Source data:
# # # # #

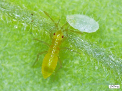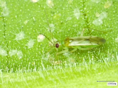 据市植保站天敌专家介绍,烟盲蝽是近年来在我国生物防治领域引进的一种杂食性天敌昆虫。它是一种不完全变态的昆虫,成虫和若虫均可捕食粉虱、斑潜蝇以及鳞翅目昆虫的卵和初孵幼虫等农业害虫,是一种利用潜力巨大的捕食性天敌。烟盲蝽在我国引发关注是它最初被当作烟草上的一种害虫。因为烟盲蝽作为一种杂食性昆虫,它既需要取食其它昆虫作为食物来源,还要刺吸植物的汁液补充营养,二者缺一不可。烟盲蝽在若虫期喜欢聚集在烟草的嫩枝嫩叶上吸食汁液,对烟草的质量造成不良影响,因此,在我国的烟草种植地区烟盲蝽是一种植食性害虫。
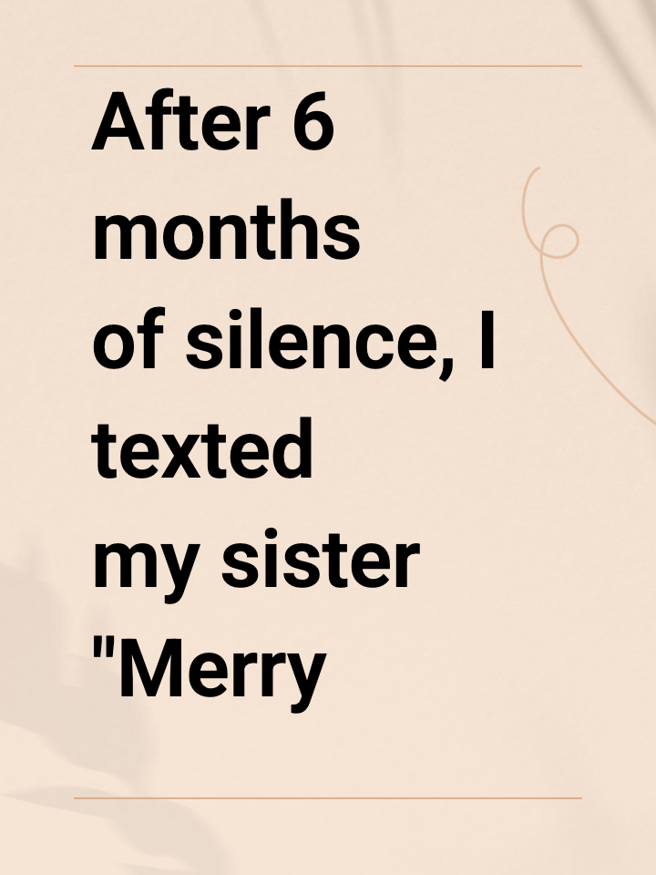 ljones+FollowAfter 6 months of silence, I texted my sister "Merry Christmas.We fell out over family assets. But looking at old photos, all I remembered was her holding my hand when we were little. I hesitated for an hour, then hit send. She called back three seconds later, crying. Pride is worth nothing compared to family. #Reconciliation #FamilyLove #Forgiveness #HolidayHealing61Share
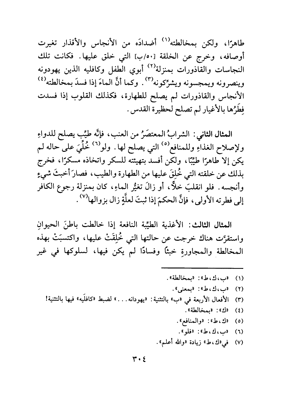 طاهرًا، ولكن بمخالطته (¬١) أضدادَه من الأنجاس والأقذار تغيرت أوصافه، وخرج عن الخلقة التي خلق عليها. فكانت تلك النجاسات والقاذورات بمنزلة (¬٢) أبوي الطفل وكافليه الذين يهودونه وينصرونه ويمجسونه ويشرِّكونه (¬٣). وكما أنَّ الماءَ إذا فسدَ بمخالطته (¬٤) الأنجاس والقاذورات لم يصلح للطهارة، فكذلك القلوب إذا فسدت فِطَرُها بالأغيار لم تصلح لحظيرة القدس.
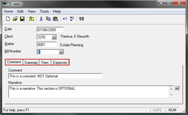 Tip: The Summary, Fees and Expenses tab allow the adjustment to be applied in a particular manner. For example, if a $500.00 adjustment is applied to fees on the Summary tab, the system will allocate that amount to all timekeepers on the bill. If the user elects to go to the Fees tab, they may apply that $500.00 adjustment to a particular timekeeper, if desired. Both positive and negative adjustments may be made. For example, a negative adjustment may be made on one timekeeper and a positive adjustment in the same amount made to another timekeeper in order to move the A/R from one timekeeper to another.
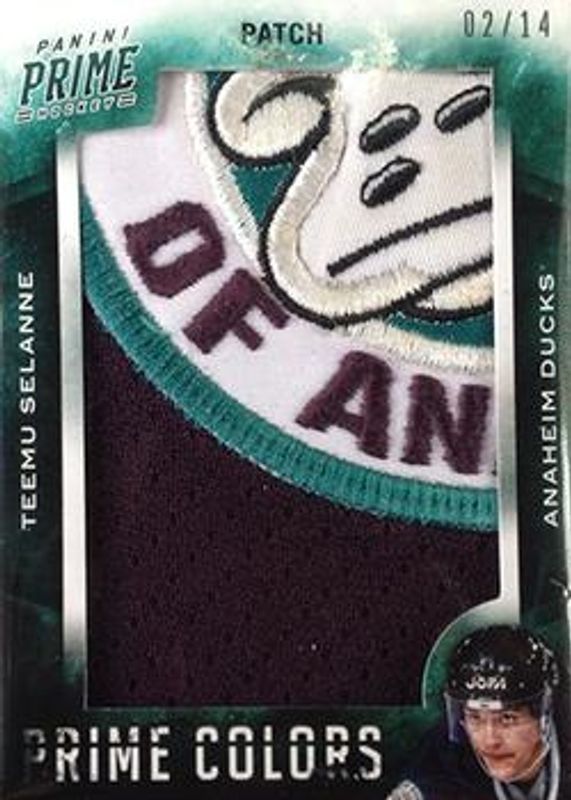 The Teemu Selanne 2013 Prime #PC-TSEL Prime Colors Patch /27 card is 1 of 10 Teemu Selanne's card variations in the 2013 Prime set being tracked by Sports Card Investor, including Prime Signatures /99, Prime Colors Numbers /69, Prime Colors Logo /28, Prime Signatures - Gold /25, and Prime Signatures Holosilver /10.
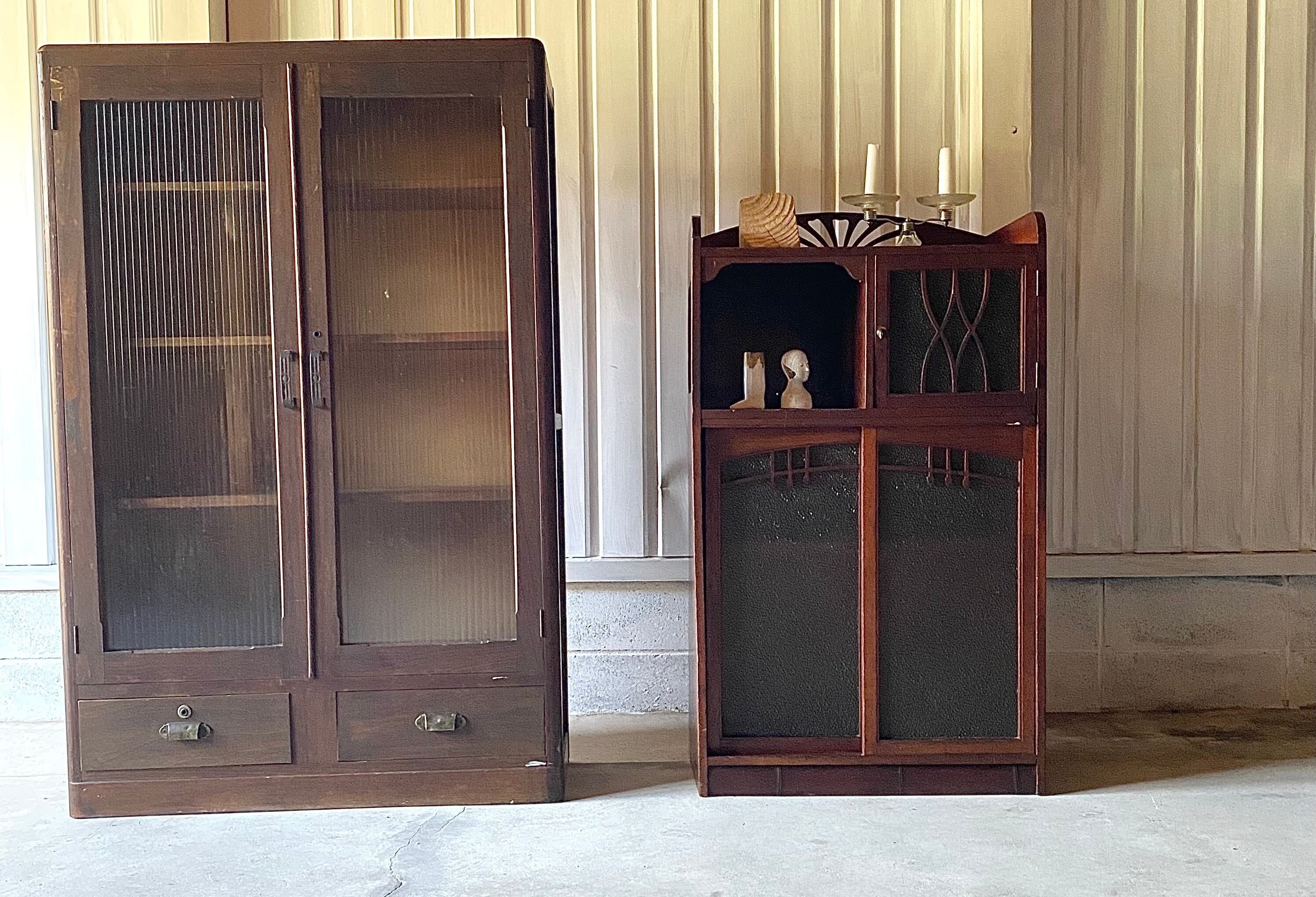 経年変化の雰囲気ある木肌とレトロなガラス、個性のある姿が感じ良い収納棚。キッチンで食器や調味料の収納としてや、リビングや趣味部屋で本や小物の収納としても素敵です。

# # # # #

# Prompt
Exactly the lines from the one containing "The Teemu Selanne" to the final line of the entries are wanted; please write them out, both ends included, but not the pictures.

# Response
 The Teemu Selanne 2013 Prime #PC-TSEL Prime Colors Patch /27 card is 1 of 10 Teemu Selanne's card variations in the 2013 Prime set being tracked by Sports Card Investor, including Prime Signatures /99, Prime Colors Numbers /69, Prime Colors Logo /28, Prime Signatures - Gold /25, and Prime Signatures Holosilver /10.
 経年変化の雰囲気ある木肌とレトロなガラス、個性のある姿が感じ良い収納棚。キッチンで食器や調味料の収納としてや、リビングや趣味部屋で本や小物の収納としても素敵です。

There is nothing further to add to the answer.